**What you have to do:**
Output each line of the data below exactly, omitting any image.

**Source material:**
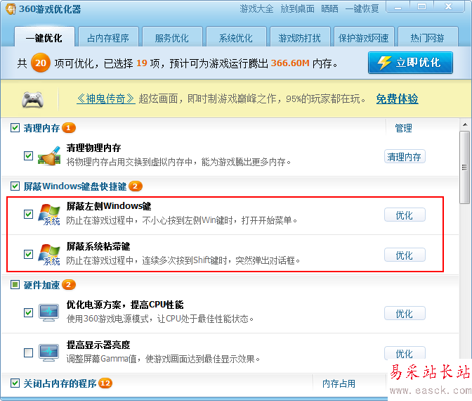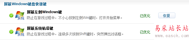 3、進(jìn)入游戲優(yōu)化器界面后我們可以看到當(dāng)前可以為游戲進(jìn)行優(yōu)化的選項(xiàng),其中兩項(xiàng)就是屏蔽左側(cè)windows鍵和屏蔽系統(tǒng)粘滯鍵,這兩個(gè)就是造成以上情況的原因了,我們可以把這兩個(gè)都給屏蔽了。
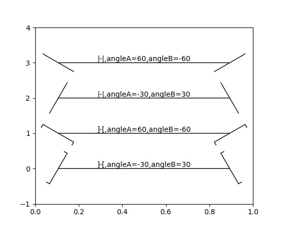 现在应用在 Bracket 箭头样式(传递给 FancyArrowPatch 的 arrowstyle 参数的 ]-[ , ]- , -[ 或 |-| )上指定的角度.以前,允许使用 angleA 和 angleB 选项,但不起作用.
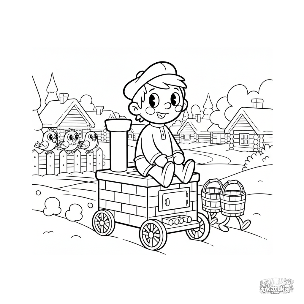 Веселая раскраска по сказке 'По щучьему веленью'. Емеля едет на волшебной печи по заснеженной деревне. Для детей 4-6 лет.

**Finished exercise:**
 3、進(jìn)入游戲優(yōu)化器界面后我們可以看到當(dāng)前可以為游戲進(jìn)行優(yōu)化的選項(xiàng),其中兩項(xiàng)就是屏蔽左側(cè)windows鍵和屏蔽系統(tǒng)粘滯鍵,這兩個(gè)就是造成以上情況的原因了,我們可以把這兩個(gè)都給屏蔽了。
 现在应用在 Bracket 箭头样式(传递给 FancyArrowPatch 的 arrowstyle 参数的 ]-[ , ]- , -[ 或 |-| )上指定的角度.以前,允许使用 angleA 和 angleB 选项,但不起作用.
 Веселая раскраска по сказке 'По щучьему веленью'. Емеля едет на волшебной печи по заснеженной деревне. Для детей 4-6 лет.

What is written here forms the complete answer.